Data aggregation algorithm aims to reduce the redundant information by gathering the sensed data, save energy, and prolong the lifetime of the network. However, the data aggregation technology will increase the network transmission delay of wireless sensor networks. Minimum-latency aggregation scheduling is designed to minimize the number of scheduled time slots to perform an aggregation. In this paper, we present an Adaptive Aggregation Scheduling Algorithm based on the Grid Partition (AASA-GP) in large-scale wireless sensor networks. By dividing the network into grids based on the geographical information, we allocate the channels according to the grid coordinates.
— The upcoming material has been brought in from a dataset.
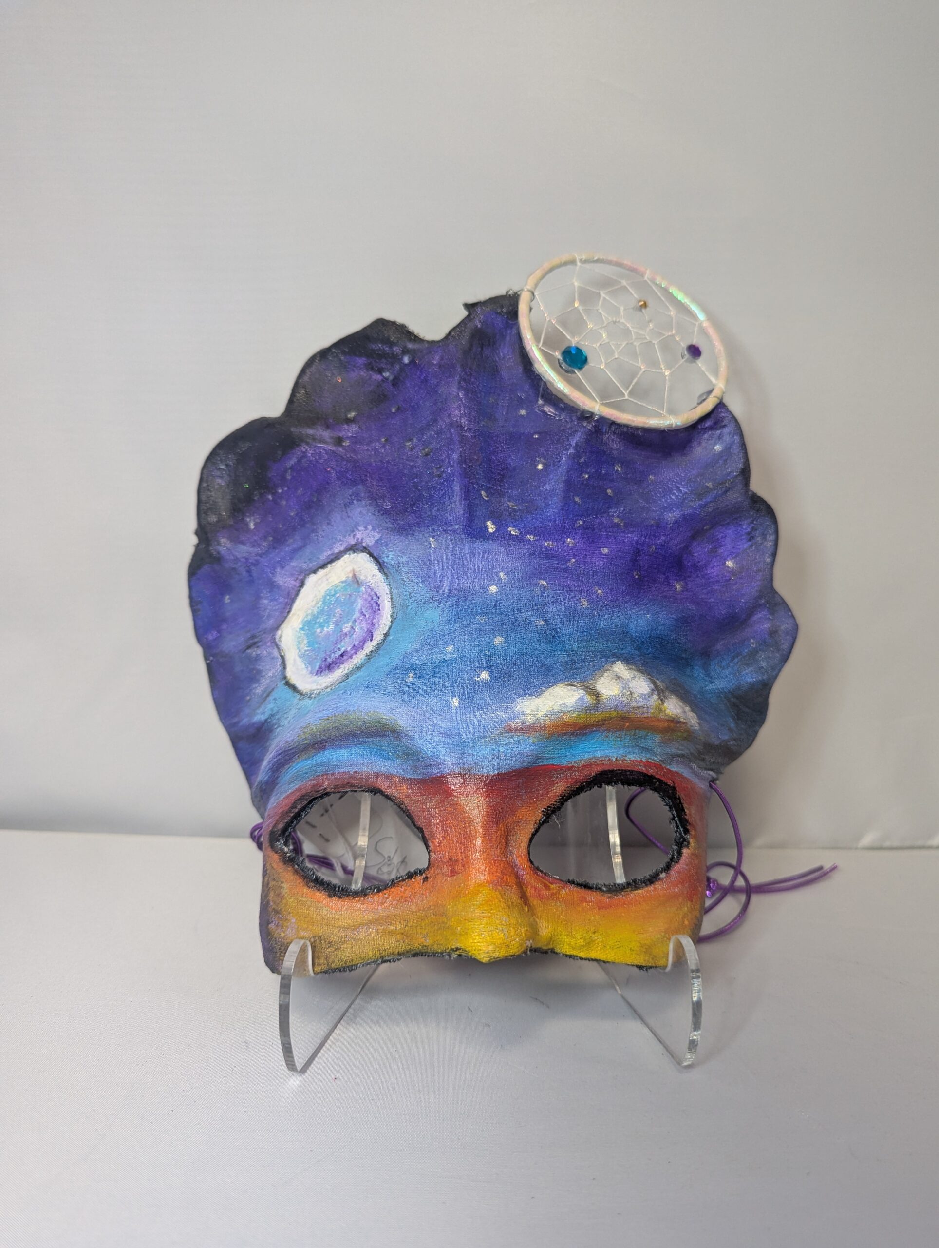 Handpainted paper mache with attached dreamcatcher and jewels . Velvet backing and elastic band

Nodes with the same grid coordinates use the same channel and the adjacent grids use the different channels, so we can effectively avoid the wireless media transmission interference, increase the parallel transfer rate, and reduce the aggregation latency. Our extensive evaluation results demonstrate the superiority of the AASA-GP. For small-scale networks, the resultant latency is comparable with the best practice, and it is more suitable for large-scale wireless sensor networks.

Suggested Citation

  • Xiaogang Qi & Lifang Liu & Gengzhong Zheng & Mande Xie, 2015. "An Adaptive Aggregation Scheduling Algorithm Based on the Grid Partition in Large-Scale Wireless Sensor Networks," International Journal of Distributed Sensor Networks, , vol. 11(10), pages 283209-2832, October.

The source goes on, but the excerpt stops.